PROVIDED DATA:
○ ○ ○
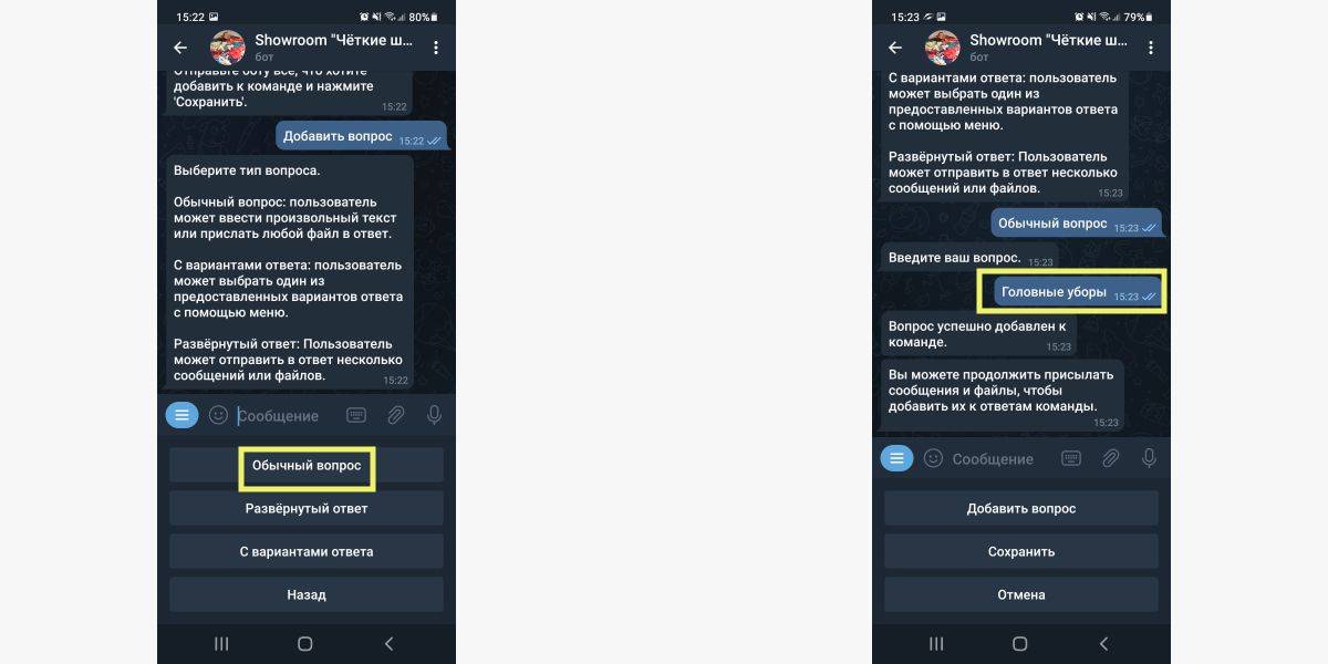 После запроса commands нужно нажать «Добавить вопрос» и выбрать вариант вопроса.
○ ○ ○
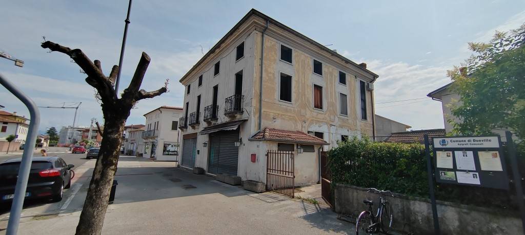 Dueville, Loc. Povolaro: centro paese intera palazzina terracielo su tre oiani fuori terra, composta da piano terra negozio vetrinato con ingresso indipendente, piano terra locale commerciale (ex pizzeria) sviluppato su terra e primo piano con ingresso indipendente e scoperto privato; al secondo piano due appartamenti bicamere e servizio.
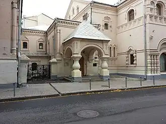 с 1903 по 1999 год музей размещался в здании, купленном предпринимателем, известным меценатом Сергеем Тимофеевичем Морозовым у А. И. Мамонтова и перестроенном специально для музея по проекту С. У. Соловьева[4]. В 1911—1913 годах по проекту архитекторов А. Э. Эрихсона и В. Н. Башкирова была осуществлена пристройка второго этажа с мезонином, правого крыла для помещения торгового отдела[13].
○ ○ ○
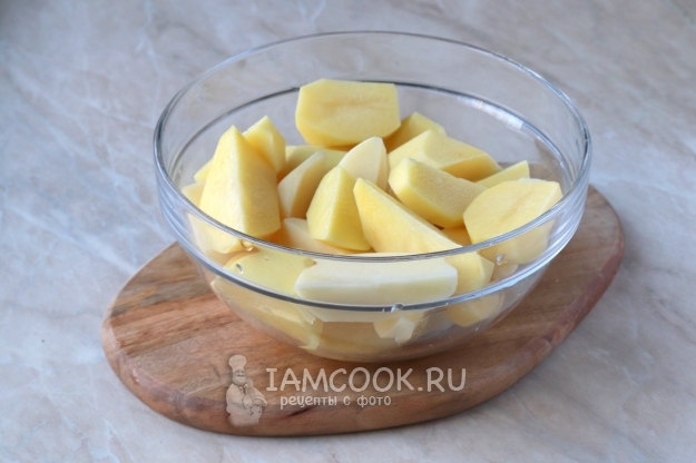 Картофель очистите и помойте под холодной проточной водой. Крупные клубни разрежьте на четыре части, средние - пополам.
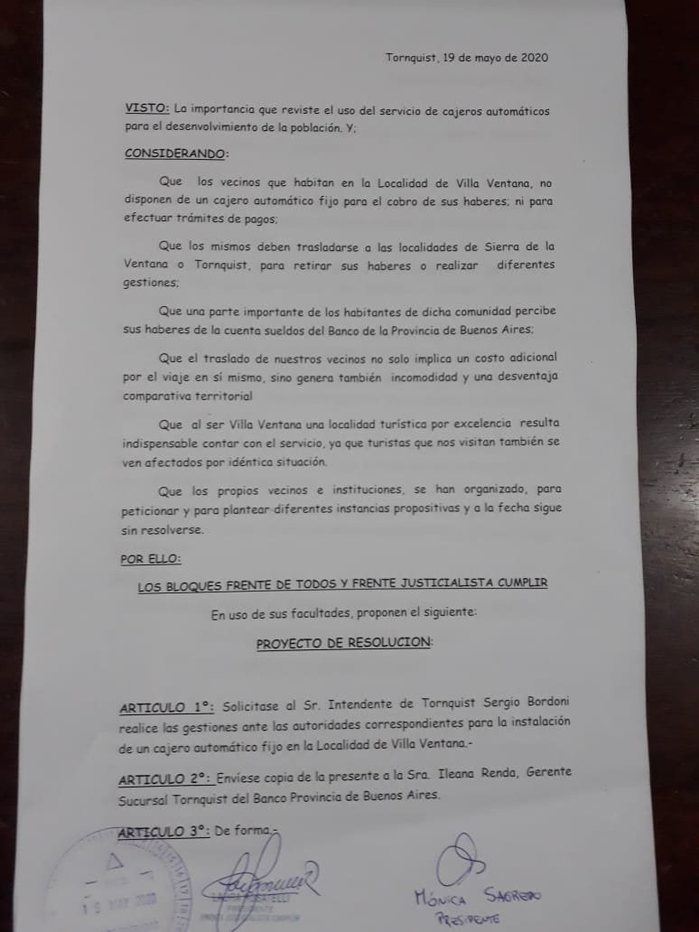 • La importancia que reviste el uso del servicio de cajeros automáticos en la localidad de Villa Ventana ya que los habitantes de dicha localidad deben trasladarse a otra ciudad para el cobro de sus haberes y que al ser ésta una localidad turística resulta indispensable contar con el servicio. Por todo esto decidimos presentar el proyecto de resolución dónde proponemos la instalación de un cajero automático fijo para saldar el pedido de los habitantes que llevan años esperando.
○ ○ ○
EXERCISE:
Would you output the lines above from the line holding "Картофель очистите и" up to and including the line holding "llevan años esperando.", exactly and only those, with no pictures?

ANSWER TO THE PROBLEM:
 Картофель очистите и помойте под холодной проточной водой. Крупные клубни разрежьте на четыре части, средние - пополам.
 • La importancia que reviste el uso del servicio de cajeros automáticos en la localidad de Villa Ventana ya que los habitantes de dicha localidad deben trasladarse a otra ciudad para el cobro de sus haberes y que al ser ésta una localidad turística resulta indispensable contar con el servicio. Por todo esto decidimos presentar el proyecto de resolución dónde proponemos la instalación de un cajero automático fijo para saldar el pedido de los habitantes que llevan años esperando.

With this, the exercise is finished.